Las lluvias también arruinaron las siembras de maíz y frijol de Pedro y este año, como la mayoría de personas en la aldea, tendrá que comprarlos. Su familia, además, perdió la mitad de las abejas que criaba en doce cajas de madera. El agua de las lluvias las mató y los panales que sobrevivieron fueron destruidos por hormigas.

En seis meses, sus abejas le permitían llenar 90 botellas con miel. Las vendía a Q60 cada una. Este año espera llenar por lo menos 40 botellas. 

Pedro volvió a Laj Chimel unos días después de huir a Laguna Danta para alimentar a su docena de gallinas, sus cuatro chompipes y los dos cerdos que entonces tenía. Fue entonces que encontró a la mitad de sus abejas sin vida. 

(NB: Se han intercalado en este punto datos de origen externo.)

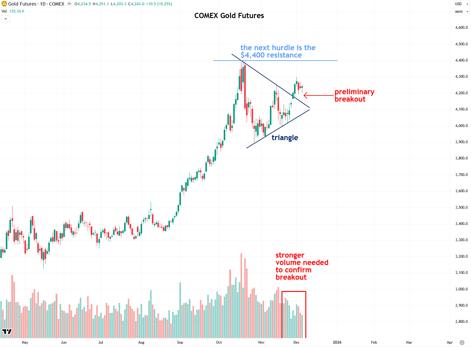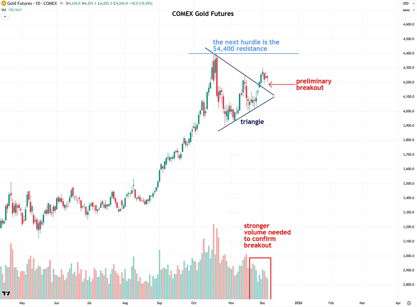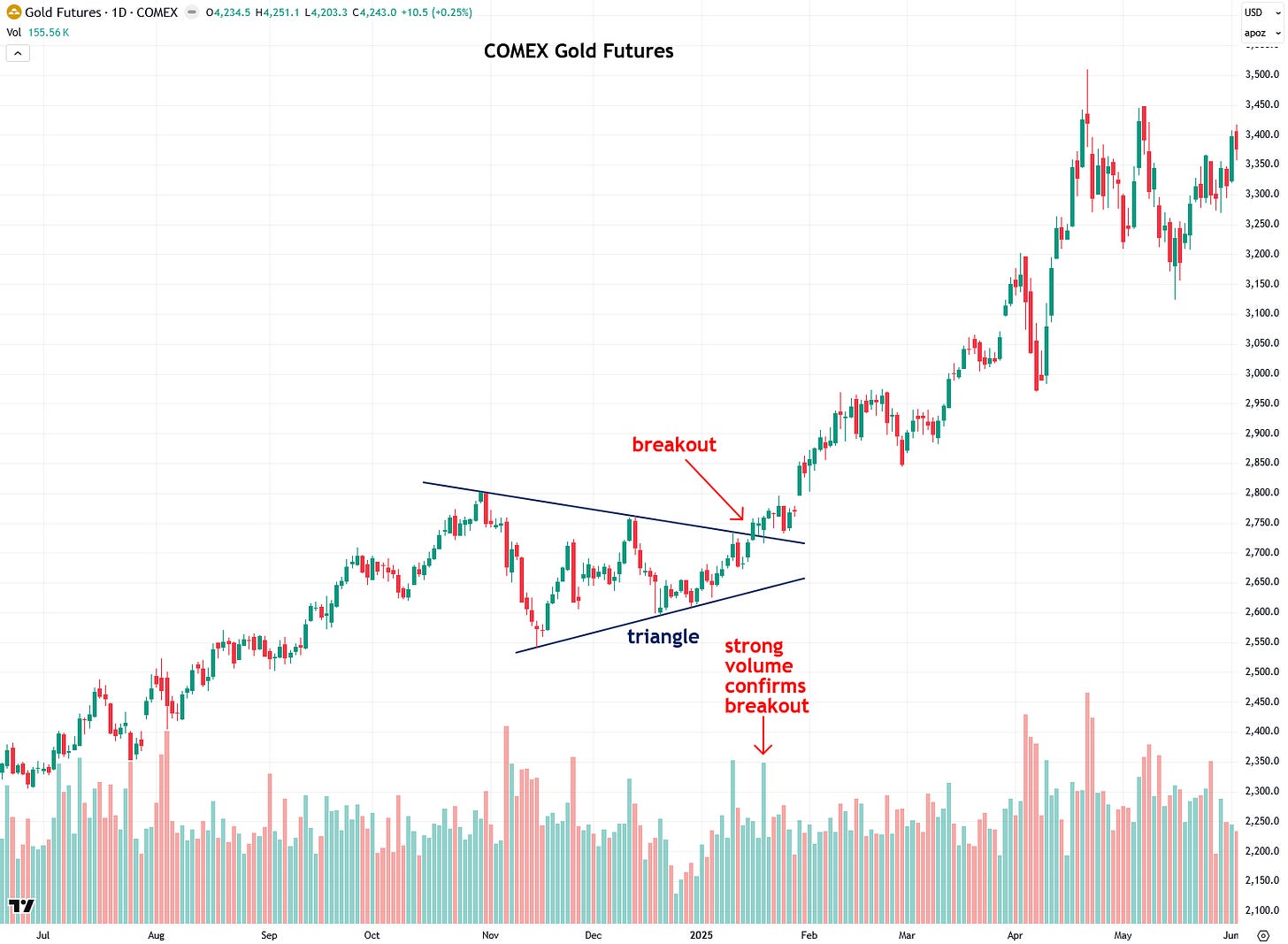 Now that we’ve finished today’s lesson, I want to apply those principles to analyze the recent breakouts in gold and silver, with a focus on volume, starting with COMEX gold futures. As I’ve mentioned in recent updates, gold broke out of a triangle pattern last week, but there wasn’t enough volume to confirm that this is the real or ultimate breakout.
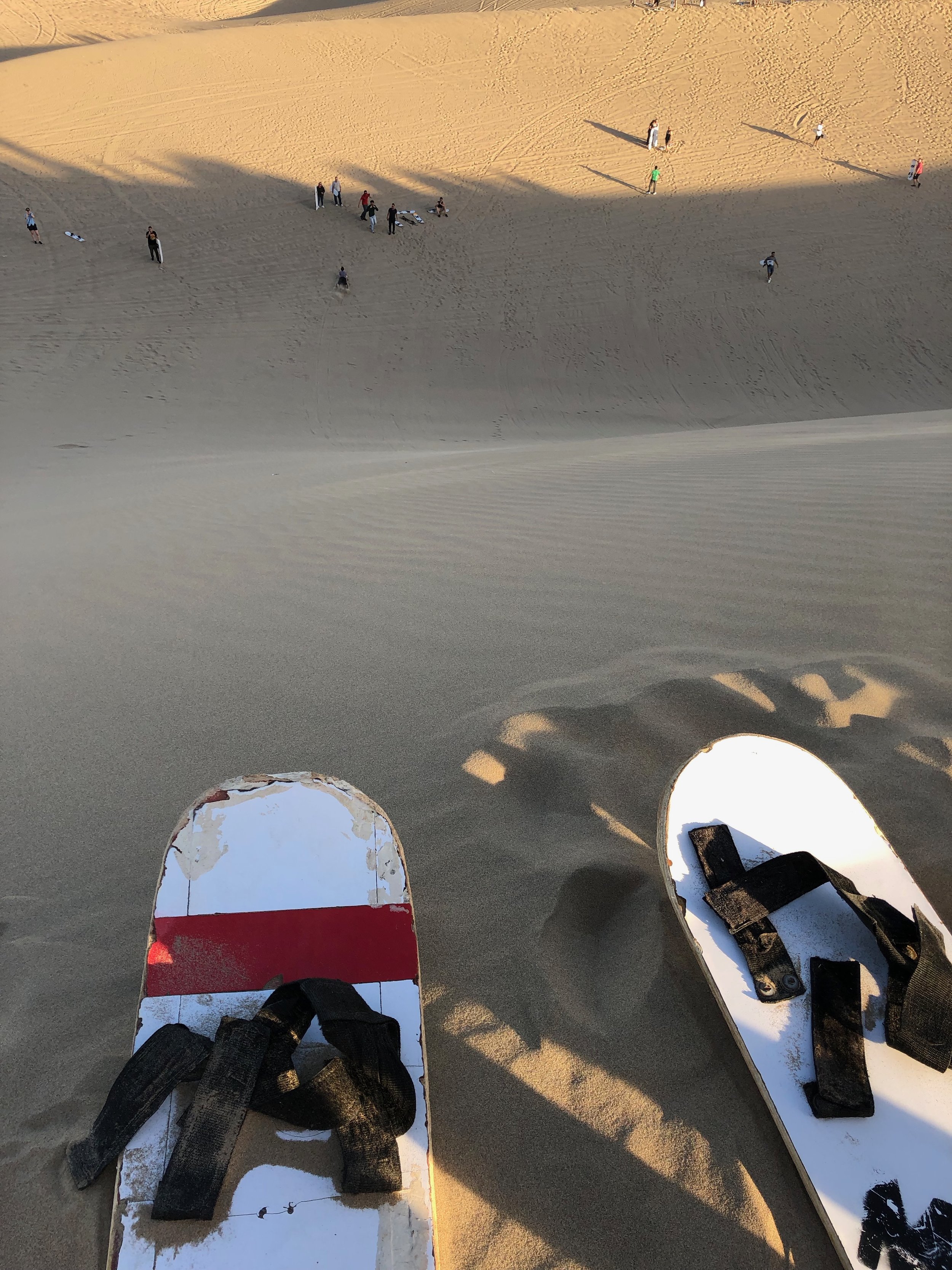 After settling in at the hostel, my sister and I walked along the ridge to the highest sand peak overlooking the small town. There are several ways up—and of course we took the longer (and naturally, less crowded) way. The most popular route starts on the west side of the lagoon by the dune buggies. It’s hard to miss. Just follow the over-beaten path, strewn with footprints. We started at the entrance to the town, where there was a large wooden cross protruding from the sand. We ascended along the ridge and after about 20 minutes, made it to the top. If you’ve seen those Instagram pictures of Huacachina, well voila, they’re taken here.

Con el paso de los meses, en el patio había menos animales. Pedro llegaba a dejarles comida entre tres y cuatro veces a la semana. Luego tuvo que volver cada día. 

Para los coyotes fue un festín. Sin gente en la aldea, no existía nada que impidiera que cazaran con libertad. Pedro cree que se comieron a sus dos cerdos. En sus terrenos quedaron algunos restos de los marranos.

Edy, de pie a unos metros de su casa, en Laj Chimel. Fotografía: Carlos Alonzo.

Es mediodía en la aldea. El martillo de Edy ya no es lo único que suena. El motor de un molino de maíz trabaja a toda marcha. Es una señal de que los vecinos empezarán a preparar las tortillas para el almuerzo. Y también una señal de que, después de las tormentas, la vida regresó a Laj Chimel.